Novena, Singapore, Singapore
DOI
10.7287/peerj.preprints.2966v1
Subject Areas
Biochemistry, Cell Biology, Computational Biology, Genetics, Molecular Biology
Keywords
epigenetics, phosphorylation, phosphosite, protein, genetic marker, DNA
Copyright
© 2017 Ng
Licence
This is an open access article distributed under the terms of the Creative Commons Attribution License, which permits unrestricted use, distribution, reproduction and adaptation in any medium and for any purpose provided that it is properly attributed. For attribution, the original author(s), title, publication source (PeerJ Preprints) and either DOI or URL of the article must be cited.
Cite this article
Ng W. 2017. Understanding evolutionary dynamics of phosphorylation with fungal species as model system.

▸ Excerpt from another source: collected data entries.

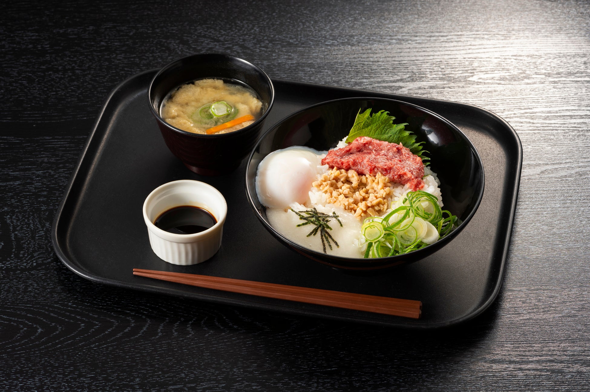 馬の新鮮な赤身を中心に馬脂を混ぜ、口溶けの良いたたきにしています。無添加で安心して召し上がれます。温玉、納豆、山芋との組み合わせをお楽しみください。
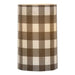 Gray Large Buffalo Check Pillar is a battery-operated pillar candle with a large gray buffalo check pattern. Includes an on and off switch, as well as a timer feature that operates lit for six hours and then off for eighteen hours. Measures 5" high by 3" in diameter. Requires three AAA batteries for operation (not included).
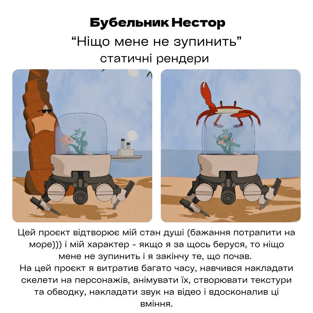 Фінальні проєкти — це повноцінні 3D-анімації, за якими стоїть велика праця, фантазія та наполегливість
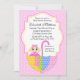 © 2012 Designs socialitas. Comemore com a futura mãe/futura mãe com este convite de chá de fraldas caprichoso. Nosso design tem um dentro de bebê chorão, um guarda-chuva e um borrado. Um convite perfeito para um chá de fraldas para uma menina.

PeerJ Preprints 5:e2966v1

Abstract

Movement in proteins requires energy. To this end, natural selection has selected phosphate as the principal energy currency in cells. On the other hand, depicting the state of transcription could come in the form of epigenetic markers, which are modifications on nucleotide residues. But, what are the deeper evolutionary forces that underpin the selection of phosphorylation as a key process for translating molecular information of cellular state into specific phenotype in movement and metabolism at the cellular level? From another perspective, what are the factors that guide the selection of particular phosphosites as principal phosphorylation sites? Seeking answers to the latter question, Villen and coworkers (“Evolution of protein phosphorylation across 18 fungal species”, Science, Link ) used mass spectrometry to profile the phosphoproteome of 18 fungal species and employed discovery science approaches to elucidate specific phosphosite highly conserved for particular functions such as transcription and translation. Using histone protein (H2) and transcription initiator factor (eIF4E) as model proteins for gaining a deeper understanding of the evolutionary forces that shape the annotation of specific phosphosite (from a large library of possible phosphosites) as key molecular effectors of cellular processes such as conformational changes in enzymes and ion channels. Results obtained suggests possible selection forces that define particular phosphosite for function, which are corroborated through assessing kinase motif usage and biochemical assays for the binding affinity between peptide libraries and cell lysates. Looking at a broader landscape of protein phosphorylation, the paper, however, does not yield sufficient insights to answer questions such as how protein phosphorylation first emerged as a defining mechanism for translating stored cellular energy in phosphate groups into movement necessary for protein function and, by extension, that of the cell. Understanding the evolutionary processes that first potentiated protein phosphorylation as well as the specific natural selection factors that resulted in the definition of specific phosphosite for particular function are fundamental questions important to understanding how biology utilizes chemical and physical principles for powering life.

Author Comment

The author read the cited paper and thought deeply about the evolutionary forces that first give rise to phosphorylation as a method for storing cellular energy at the protein level for enabling movement in multi-domain proteins, as well as serving as a marker (i.e., information storage) for identifying specific proteins important for downstream cellular processes. He wrote the preprint.